Successfully completing these steps will import the NCD Dashboard elements directly into your Node-RED workspace, enabling you to visualize and interact with your NCD sensor data effectively.
Step 1. Click on the following link to access the NCD Dashboard Template source code:
Step 2. Once the repository is open, locate the button that allows you to copy the raw code of the NCD Dashboard. Refer to the following image for a visual reference:
Step 3. Head back to the Node-RED editor and go to the Main Menu (icon in the upper right corner) then click on “Import” option, as shown in picture:
Step 4. A text-box will be opened. Right click and paste the code you just copied from GitHub, as shown in picture:
Step 5. You should see the JSON code in text-box, now you can press the red “Import” button at the bottom right:
Step 6. Once imported, you will see a new tab in your workspace. Clicking on it will display the Node-RED workflow. You will need to follow the steps below to configure it.
Configuring Flow
Step 1. Configure Wireless Gateway Node: Open the Wireless Gateway node properties by double-clicking on the node.

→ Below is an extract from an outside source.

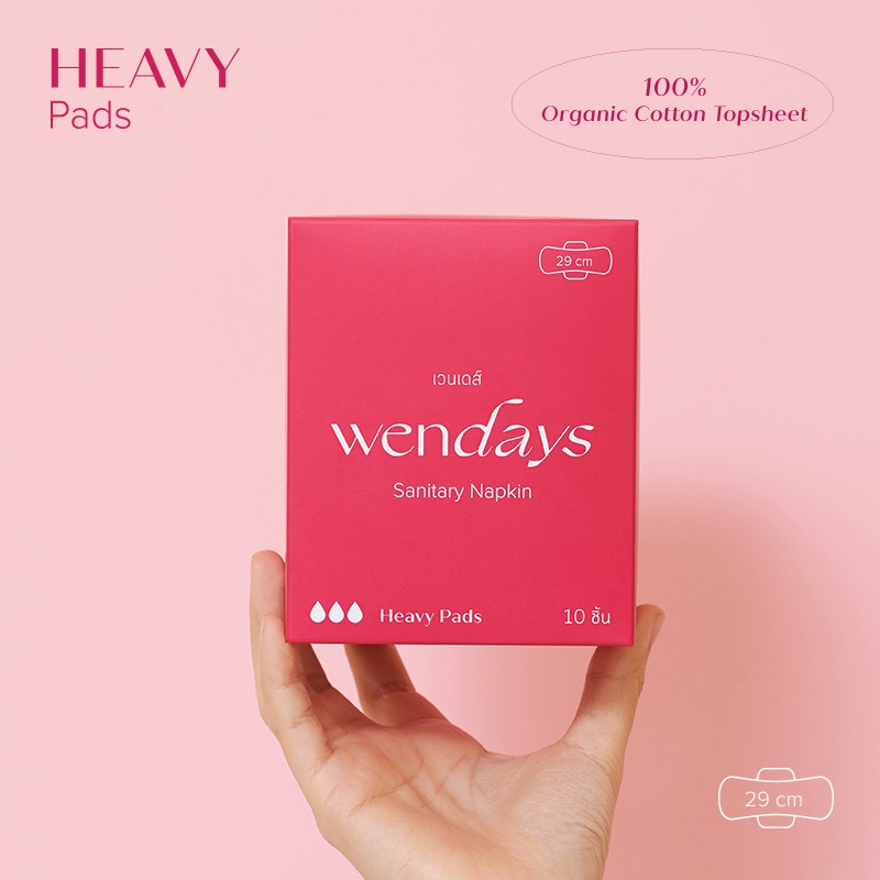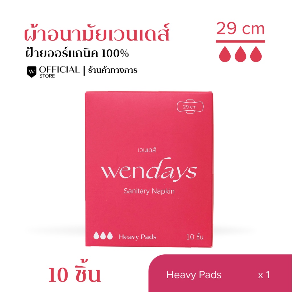 (ซื้อ 1 แถม 1) WENDAYS - Heavy Pads ผ้าอนามัยออร์แกนิคและย่อยสลายได้ แบบพิเศษ 29 ซม. / 10 ชิ้น (L2)

Select your Serial Device from the dropdown menu and click the “Done” button. (If you are using Gateway, the default serial device is ‘/dev/ttymxc2’).

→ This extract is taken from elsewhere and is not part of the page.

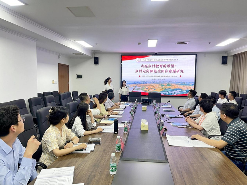 会上,参赛选手就参赛作品《点亮乡村教育的希望:乡村定向师范生回乡意愿研究——基于全国20所高校2514名乡村定向师范生的调查》开展模拟答辩。与会专家分别就项目内容的优化与提升提出指导意见,并就答辩技巧展开具体辅导。

Step 2. Select Devices (MAC Address): Locate the “Set Device Address Here” section. Enter your Sensor’s MAC address in the switch nodes.
Step 3. Map Data Signals: Locate the “Set Path Signals Here” section.
Map the specific payload path to the correct dashboard variable based on your sensor type (e.g., CT, Opto, Accelerometer):
- Uptime: e.g., msg.payload.sensor_data.ct_input_uptime
- Status: e.g., msg.payload.sensor_data.input_ct
- Production: e.g., msg.payload.sensor_data.opto_input_counter
- Rejects: e.g., msg.payload.sensor_data.digital_input_counter
See Sensor User Manual for reference:
- IoT Wireless Machine Runtime Hour Meter User Manual: https://ncd.io/blog/iot-wireless-machine-run-time-hour-meter-user-manual/
- Industrial Wireless 3 Channel Production Counter User Manual: https://ncd.io/blog/industrial-wireless-3-channel-production-counter-user-manual/
- Machine Uptime Monitor User Manual: https://ncd.io/blog/machine-uptime-monitor-user-manual/
Customization and Extensibility
This dashboard template utilizes Function nodes containing JavaScript code to process sensor signals and perform all necessary OEE and runtime calculations.
The code is fully documented and intended to be a foundational example for users to modify according to their specific application logic.
The scripting logic is straightforward. If you are unfamiliar with JavaScript, you can easily use modern AI coding assistants (AI agents) to analyze, explain, or safely modify the code blocks.
Dashboard Overview
In order to access to the Dashboard go to right menu and click on ‘Dashboard 2.0’ option:
Then click on the ‘Open Dashboard’ button:
Once configured, the dashboard provides the following metrics managed by an 8-hour Shift logic (00:00-08:00, 08:00-16:00, 16:00-00:00):
Live Status: Real-time Machine Status (Running/Stopped) triggered by sensor interrupts.
KPIs: OEE, Availability, Performance, and Quality gauges calculated in real-time.
Shift History Charts:
- Production: Displays “Good” vs “Rejected” units for the Current Shift, Previous Shift, and 2 Shifts Ago.
- Uptime: Displays “Uptime” vs “Downtime” minutes for the last 3 shifts.
Downtime Events: A log table showing the last 6 stops, including Start Time, End Time, and Duration (HH:MM:ss).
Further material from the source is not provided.